Mercoledì 10 Ottobre 2018
La Consulta sulle unioni civili: niente modifica dei dati anagrafici
LA NORMA
ROMA Era un diritto «speciale» per le coppie unite da unione civile che, nell'idea originaria, si applicava automaticamente anche ai figli: la possibilità di annotare all'anagrafe e in tutti i documenti il doppio cognome assunto da uno dei due partner. Ieri, però, la Corte costituzionale, si è allineata all'interpretazione «restrittiva» contenuta nei decreti delegati che hanno dato attuazione concreta alla legge Cirinnà, del 2016. Nessun automatismo nel doppio cognome, che potrà essere citato nell'atto di unione, ma non avrà valore legale né «d'uso» come quello previsto per i matrimoni, hanno detto i giudici delle leggi, respingendo il ricorso presentato dall'avvocato Stefano Chinotti dell'associazione Rete Lanford Lgbt.
LA STORIA
A chiedere la trascrizione all'anagrafe del doppio cognome era stato Gianluca Zoffoli, unito civilmente a Giovanni Giovannini. La loro è stata la prima unione celebrata in Italia nell'estate 2016, subito dopo l'approvazione della legge e prima ancora che arrivassero, appunto, i decreti delegati: «Il nostro sindaco, di Lugo - racconta oggi Zoffoli - ci teneva particolarmente e a noi piaceva sposarci il giorno di San Giovanni, il 24 giugno. Siamo stati talmente pionieristici che i moduli che abbiamo compilato erano quelli del matrimonio». Alla celebrazione civile, arrivata dopo 11 anni di convivenza, Zoffoli ha fatto seguire la trascrizione del secondo cognome per tutti i documenti, incluso un porto d'armi e il passaporto. Nessun problema finché, a febbraio 2017, con una raccomandata, il comune gli fa sapere che tutte le modifiche saranno cancellate, «come previsto dai decreti»: «Abbiamo fatto ricorso alla Consulta e anche dopo questa sentenza mi chiedo se davvero sia finita - spiega - per noi è una battaglia importante, ma ad essere sconfitti non siamo noi ma le tante coppie, in maggioranza etero, che non potranno avere questo diritto».

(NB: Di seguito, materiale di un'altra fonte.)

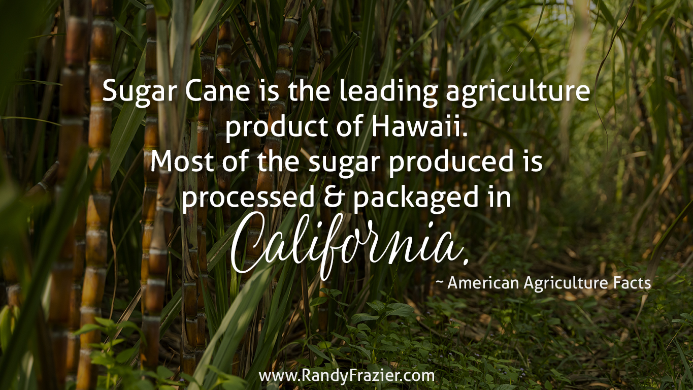“Sugar Cane is the leading agriculture product of Hawaii. Most of the sugar produced is processed and packaged in California.” ~ American Agriculture Facts

La trascrizione del doppio cognome, previsto in alcuni paesi europei tra i quali la Germania, avrebbe creato per le unioni civili un regime tutto particolare e diverso da quello dei matrimoni. Dopo la riforma del codice di famiglia del 1975, infatti, la moglie (e solo la moglie) può aggiungere al proprio cognome quello del marito e fare istanza perché venga citato nel passaporto. Un doppio cognome «d'uso» che non viene, però, registrato all'anagrafe e non compare nella carta d'identità.
«La sentenza della Corte Costituzionale, se pur per la prima volta certifica la validità della legge sulle unioni civili, purtroppo salva i decreti attuativi», dice il portavoce del Gay center Fabrizio Marrazzo: «Un passo indietro rispetto alla legge sulle unioni civili ed i diritti delle coppie lesbiche e gay».